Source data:
= = = = = = =

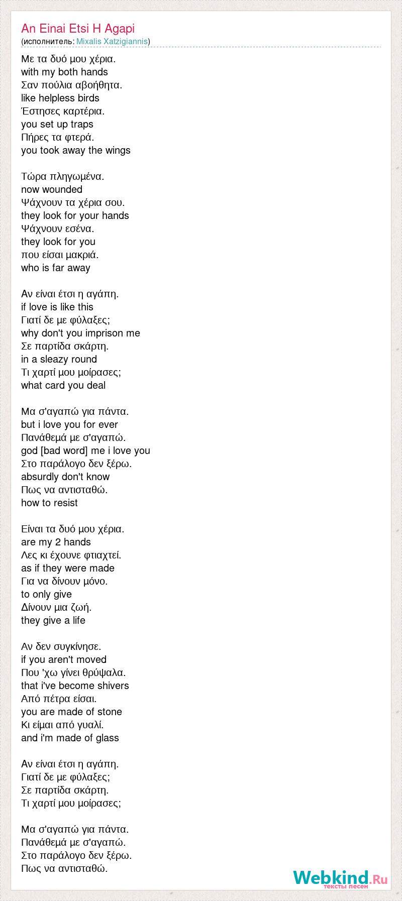 Με τα δυό μου χέρια. with my both hands Σαν πούλια αβοήθητα. like helpless birds Έστησες καρτέρια. you set up traps Πήρες τα φτερά. you took away the wings Τώρα πληγωμένα. now wounded Ψάχνουν τα χέρια σου. they look for your hands Ψάχνουν εσένα. they look for you που είσαι μακριά. who is far away Aν είναι έτσι η αγάπη. if love is like this Γιατί δε με φύλαξες; why don't you imprison me Σε παρτίδα σκάρτη. in a sleazy round Τι χαρτί μου μοίρασες; what card you deal Μα σ'αγαπώ για πάντα. but i love you for ever Πανάθεμά με σ'αγαπώ. god [bad word] me i love you Στο παράλογο δεν ξέρω. absurdly don't know Πως να αντισταθώ. how to resist Είναι τα δυό μου χέρια. are my 2 hands Λες κι έχουνε φτιαχτεί. as if they were made Για να δίνουν μόνο. to only give Δίνουν μια ζωή. they give a life Αν δεν συγκίνησε. if you aren't moved Που 'χω γίνει θρύψαλα. that i've become shivers Από πέτρα είσαι. you are made of stone Κι είμαι από γυαλί. and i'm made of glass Aν είναι έτσι η αγάπη. Γιατί δε με φύλαξες; Σε παρτίδα σκάρτη. Τι χαρτί μου μοίρασες; Μα σ'αγαπώ για πάντα. Πανάθεμά με σ'αγαπώ. Στο παράλογο δεν ξέρω. Πως να αντισταθώ.
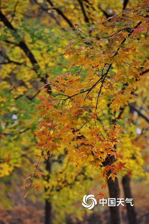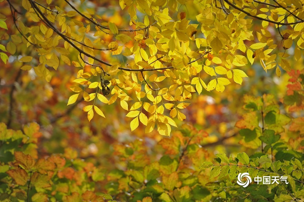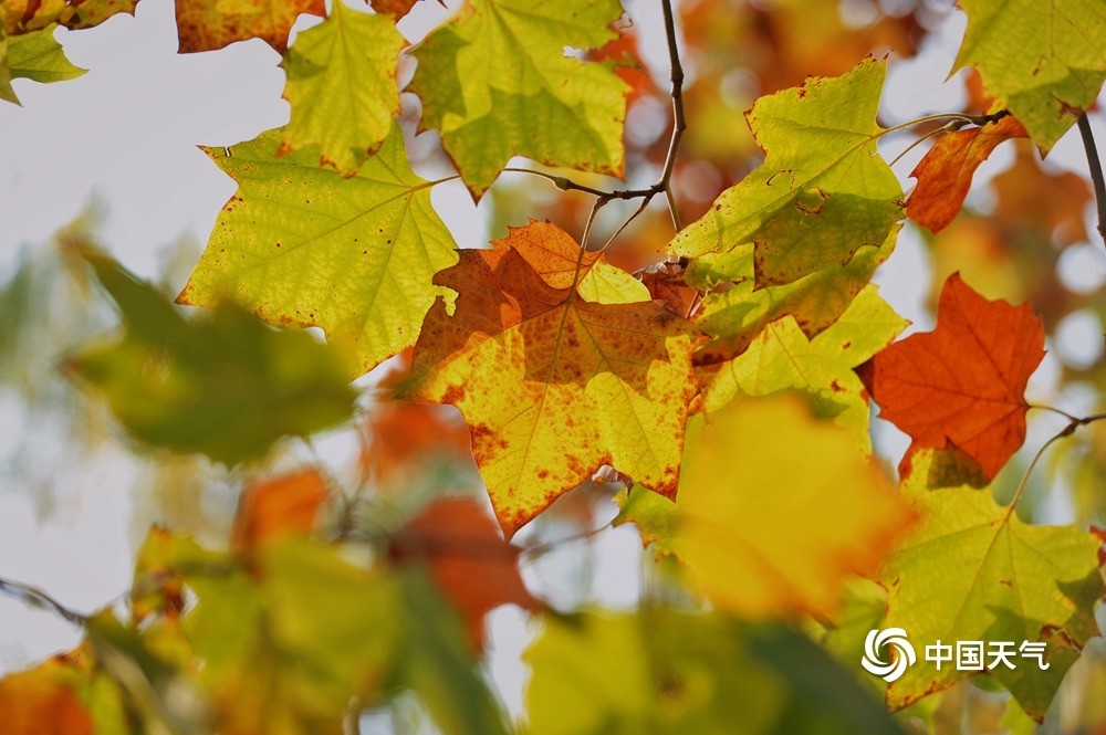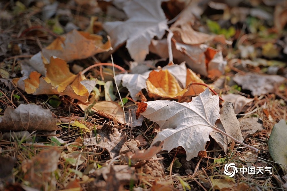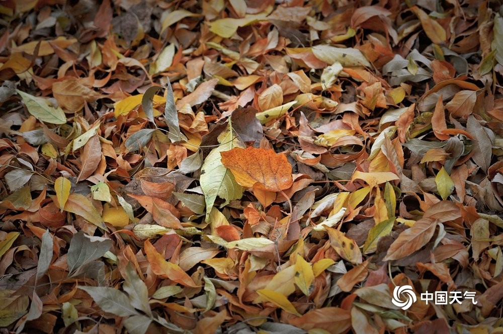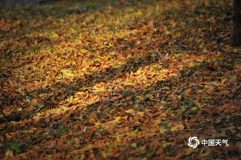 中国天气网讯 11月2日,北京正处在秋冬季节交替中,红黄相间的叶片悄然飘落,妆点了大地。置身其中,别有一番韵味。(图/中国天气网王晓)
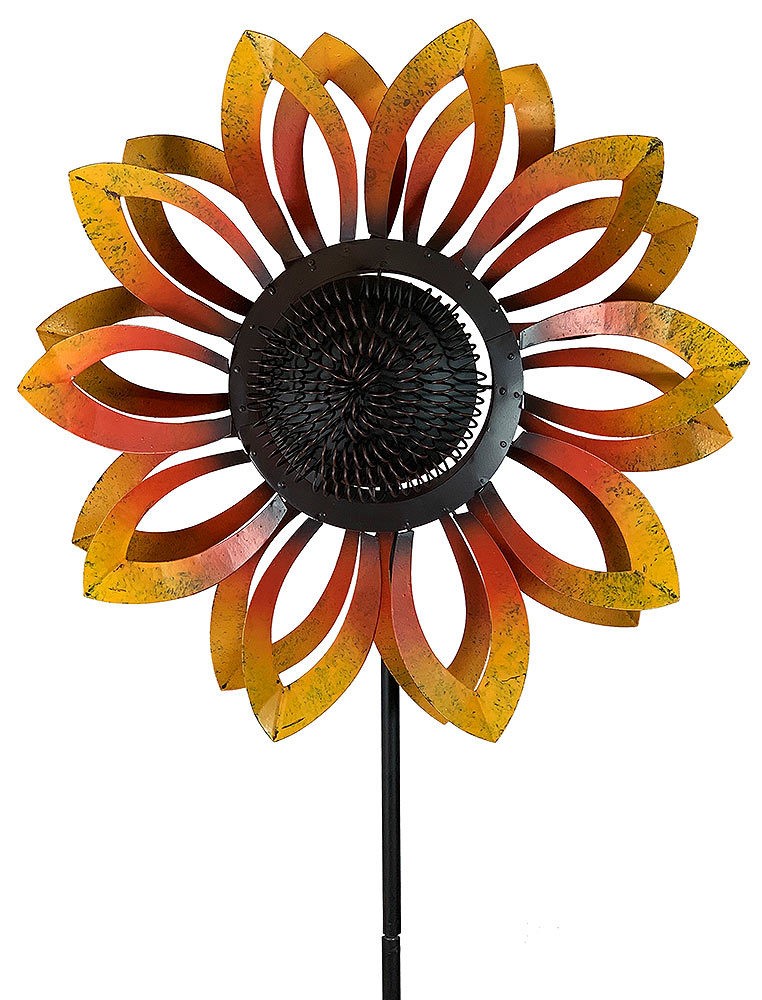 Das Doppelwindrad in Sonnenblumen-Optik wird durch seine toll geschwungene Form und der außergewöhnlichen Laufrichtung der Räder zu einem zauberhaften Dekoaccessoire für Terrasse und Garten! Die beiden Räder bewegen sich gegenläufig und erzeugen dadurch einen besonders kunstvollen Effekt. Das Windrad ist aus Metall gefertigt und rot, gelb, braun lackiert. Die dezenten Farbunterschiede in der Lackierung verleihen dem Windrad einen schönen Vintage-Look. Die gegensätzliche Laufrichtung der beiden Räder sorgt für einen wunderschönen, optischen Effekt. Der Gartenstab kann einfach an beliebiger Stelle in den Boden gesteckt werden. Maße: (Gesamthöhe x B x T) ca. 180 x 45 x 21 cm.
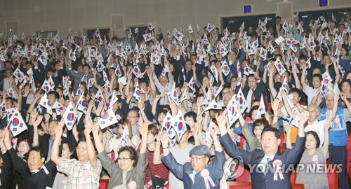 ÅÂ±Ø±â ÆÞ·°À̸ç2018³â 8¿ù 15ÀÏ ¿ï»ê¹®È¿¹¼úȸ°ü¿¡¼ ¿¸° 73Áֳ⠱¤º¹Àý °æÃà½Ä¿¡¼ Âü¼®ÇÑ ½Ã¹ÎµéÀÌ ´ÙÇÔ²² űر⸦ Èçµé°í ÀÖ´Ù.
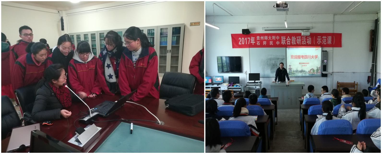 (贵阳实验三中学生交流现场) (贵州师大附中宣讲现场)
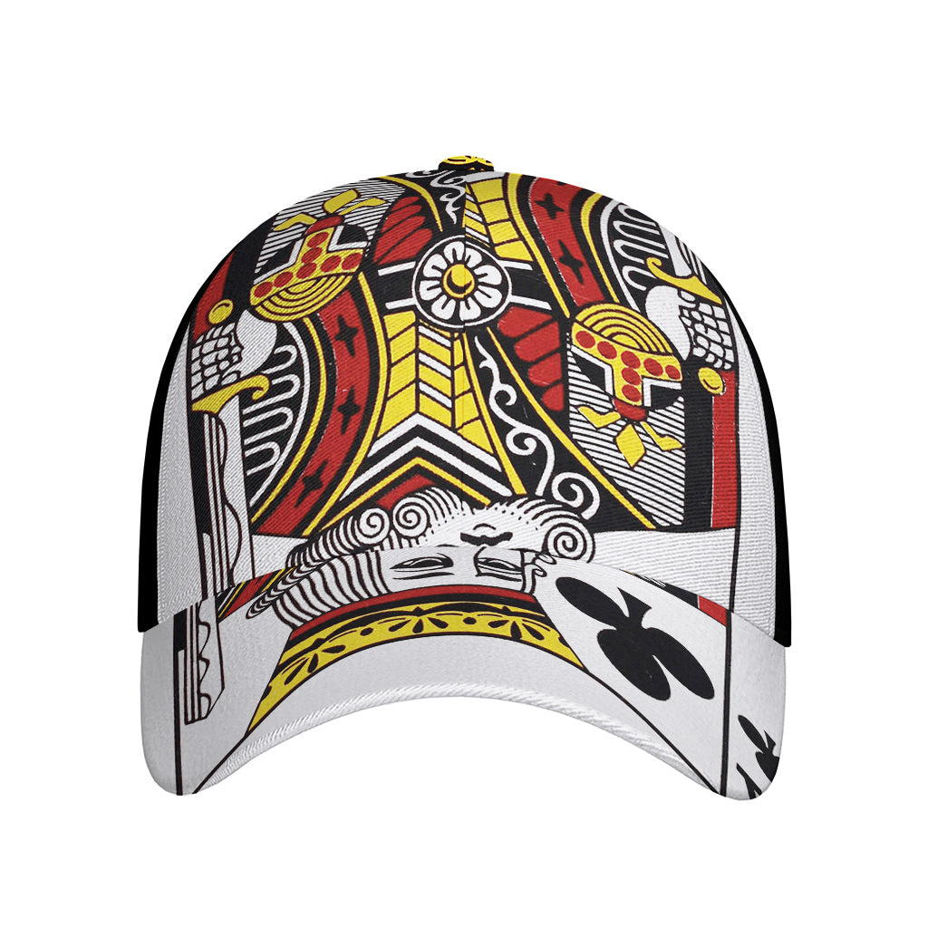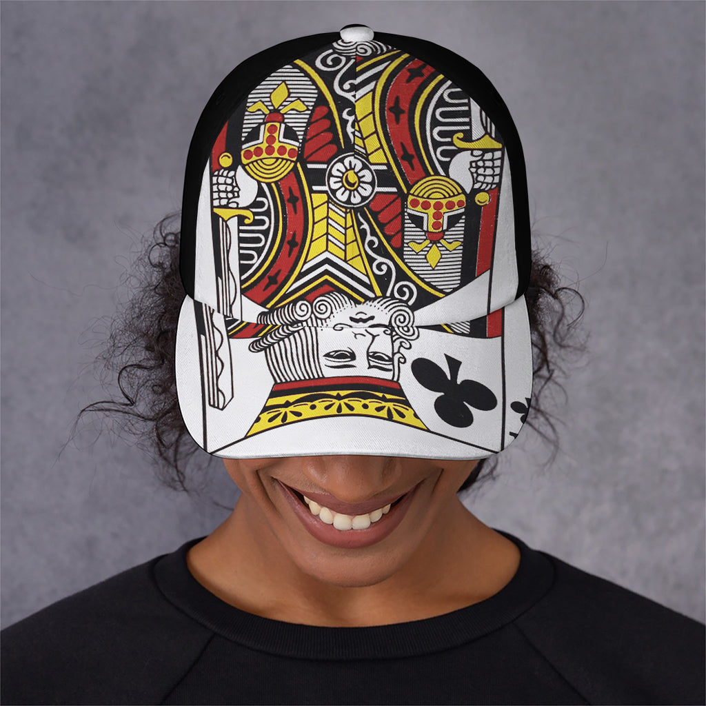 Top off your look with the stylish and functional King Of Clubs Playing Card Print Baseball Cap. Designed for comfort and durability, this baseball cap is the perfect accessory for casual outings, outdoor activities, or simply elevating your everyday style. Its sleek design and practical features make it a wardrobe essential for anyone who values both form and function.

= = = = = = =

**Exercise instructions**
Omit every picture, and otherwise quote the entries exactly.

**Solved problem**
 Με τα δυό μου χέρια. with my both hands Σαν πούλια αβοήθητα. like helpless birds Έστησες καρτέρια. you set up traps Πήρες τα φτερά. you took away the wings Τώρα πληγωμένα. now wounded Ψάχνουν τα χέρια σου. they look for your hands Ψάχνουν εσένα. they look for you που είσαι μακριά. who is far away Aν είναι έτσι η αγάπη. if love is like this Γιατί δε με φύλαξες; why don't you imprison me Σε παρτίδα σκάρτη. in a sleazy round Τι χαρτί μου μοίρασες; what card you deal Μα σ'αγαπώ για πάντα. but i love you for ever Πανάθεμά με σ'αγαπώ. god [bad word] me i love you Στο παράλογο δεν ξέρω. absurdly don't know Πως να αντισταθώ. how to resist Είναι τα δυό μου χέρια. are my 2 hands Λες κι έχουνε φτιαχτεί. as if they were made Για να δίνουν μόνο. to only give Δίνουν μια ζωή. they give a life Αν δεν συγκίνησε. if you aren't moved Που 'χω γίνει θρύψαλα. that i've become shivers Από πέτρα είσαι. you are made of stone Κι είμαι από γυαλί. and i'm made of glass Aν είναι έτσι η αγάπη. Γιατί δε με φύλαξες; Σε παρτίδα σκάρτη. Τι χαρτί μου μοίρασες; Μα σ'αγαπώ για πάντα. Πανάθεμά με σ'αγαπώ. Στο παράλογο δεν ξέρω. Πως να αντισταθώ.
 中国天气网讯 11月2日,北京正处在秋冬季节交替中,红黄相间的叶片悄然飘落,妆点了大地。置身其中,别有一番韵味。(图/中国天气网王晓)
 Das Doppelwindrad in Sonnenblumen-Optik wird durch seine toll geschwungene Form und der außergewöhnlichen Laufrichtung der Räder zu einem zauberhaften Dekoaccessoire für Terrasse und Garten! Die beiden Räder bewegen sich gegenläufig und erzeugen dadurch einen besonders kunstvollen Effekt. Das Windrad ist aus Metall gefertigt und rot, gelb, braun lackiert. Die dezenten Farbunterschiede in der Lackierung verleihen dem Windrad einen schönen Vintage-Look. Die gegensätzliche Laufrichtung der beiden Räder sorgt für einen wunderschönen, optischen Effekt. Der Gartenstab kann einfach an beliebiger Stelle in den Boden gesteckt werden. Maße: (Gesamthöhe x B x T) ca. 180 x 45 x 21 cm.
 ÅÂ±Ø±â ÆÞ·°À̸ç2018³â 8¿ù 15ÀÏ ¿ï»ê¹®È¿¹¼úȸ°ü¿¡¼ ¿¸° 73Áֳ⠱¤º¹Àý °æÃà½Ä¿¡¼ Âü¼®ÇÑ ½Ã¹ÎµéÀÌ ´ÙÇÔ²² űر⸦ Èçµé°í ÀÖ´Ù.
 (贵阳实验三中学生交流现场) (贵州师大附中宣讲现场)
 Top off your look with the stylish and functional King Of Clubs Playing Card Print Baseball Cap. Designed for comfort and durability, this baseball cap is the perfect accessory for casual outings, outdoor activities, or simply elevating your everyday style. Its sleek design and practical features make it a wardrobe essential for anyone who values both form and function.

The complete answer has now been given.